"'I didn't want to get involved,' he sheepishly told police."
That was the telling line in the New York Times front page story 44 years ago this month that depicted the brutal slaying of one Kitty Genovese in a Queens, New York neighborhood. The young woman's death illuminated an all-too-familiar attitude in her neighbors. They didn't want to get involved. The circumstances of her death are painful to relate. She was murdered, at random, by a psychotic killer in an attack that lasted an estimated 35-50 minutes, knifed during three separate episodes, sexually assaulted, and left to die. Original newspaper accounts reported that 38 people witnessed the attack, yet did nothing. Subsequent investigation indicates that the number 38 may be an exaggeration; no one person observed the entirety of the attack, as the victim was able to crawl away from her attacker (who left and returned) in an attempt get to her apartment nearby.
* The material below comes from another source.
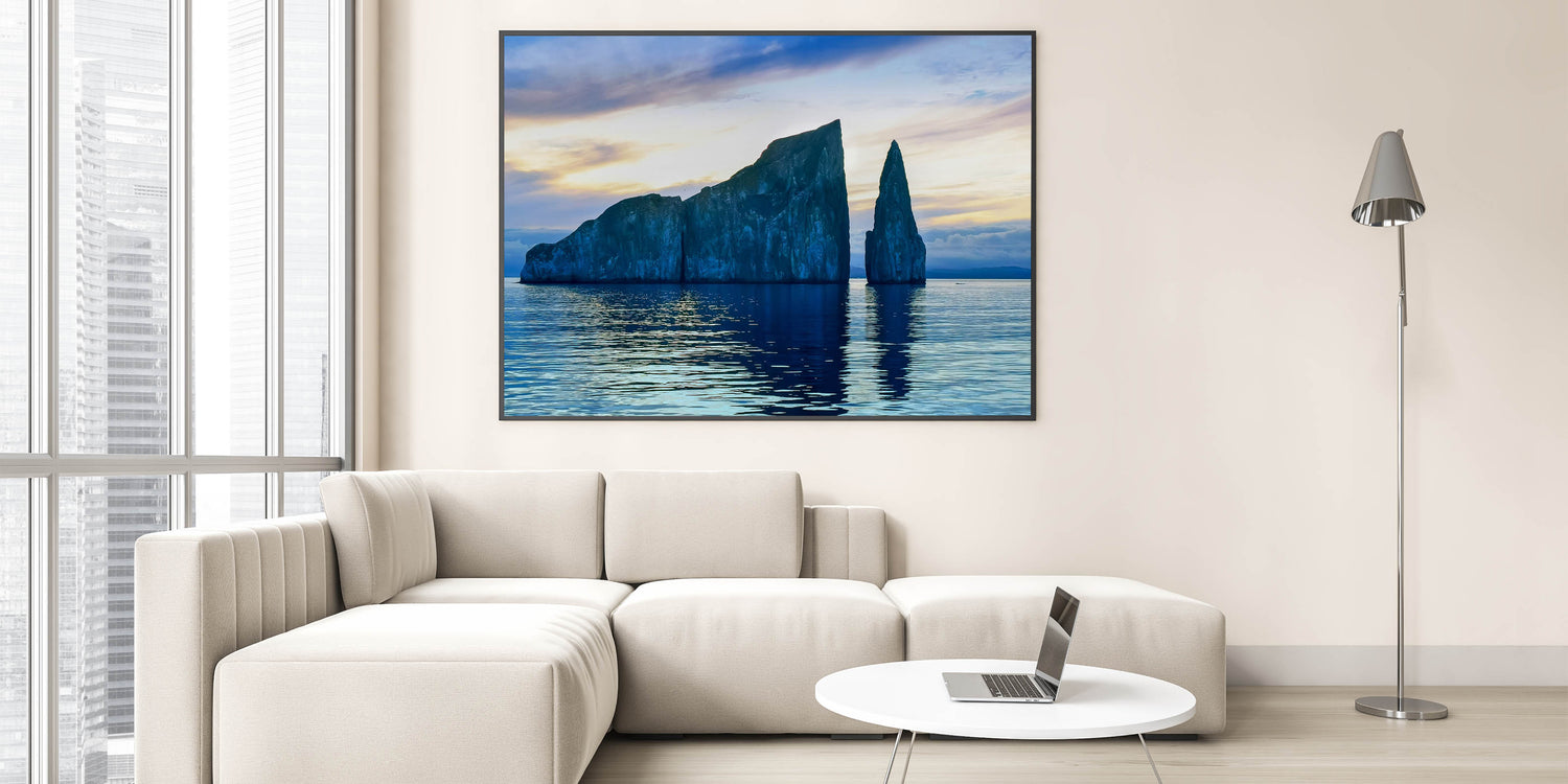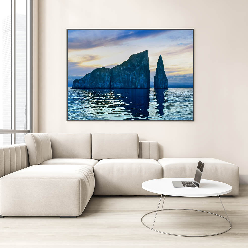 Bring the awe-inspiring beauty of the Galapagos Islands into your home with this stunning wall art featuring iconic rock formations rising from calm, reflective waters. The soft pastel tones of the sky and the tranquil blue hues of the ocean create a sense of serenity and wonder, making this artwork perfect for those who love peaceful landscapes. This Galapagos wall art captures the essence of Ecuador's natural beauty, making it ideal for coastal and nature-themed decor.

Notwithstanding, numerous people heard and saw something terribly amiss that early morning in March 1964 and did nothing to aid her or call for help.
The outcry from that event shaped a psychological phenomenon called the "Genovese Syndrome" or the "Bystander Effect." Simply stated, the larger the group of people observing a misdeed, the lesser the chance that anyone will intervene. Numerous psychology experiments since then have confirmed and continue to confirm this reality of human nature. Unfortunately, that phenomenon has not diminished in us despite awareness, study, and other enlightenment. After a June 2007 murder in a Wichita, KS, convenience store, a handful of people stepped over the victim’s body and one person even photographed the victim with a cell phone camera.
There were a few positive developments in the wake of the Genovese tragedy. Police telephonic response systems were improved as a forerunner to the 911 system we know today and the Neighborhood Watch movement grew as a response to this event.
Kitty Genovese's roommate and partner Mary Ann Zielonko said in an interview on the 40th anniversary of her death, "…I still have a lot of anger toward people because they could have saved her life. I mean, all those steps along the way when he attacked her three times. And then he sexually assaulted her too, when she was dying. I mean, you look out the window and you see this happening and you don't help. That's—how do you live with yourself, knowing you didn't do anything?"
The question remains for us all.
Genovese’s murderer, Winston Moseley (a 29 year-old at the time, and a husband and father of two), is serving a life sentence at Clinton Correctional Facility in New York State near the Canadian border. He will attend his 14th parole hearing this month.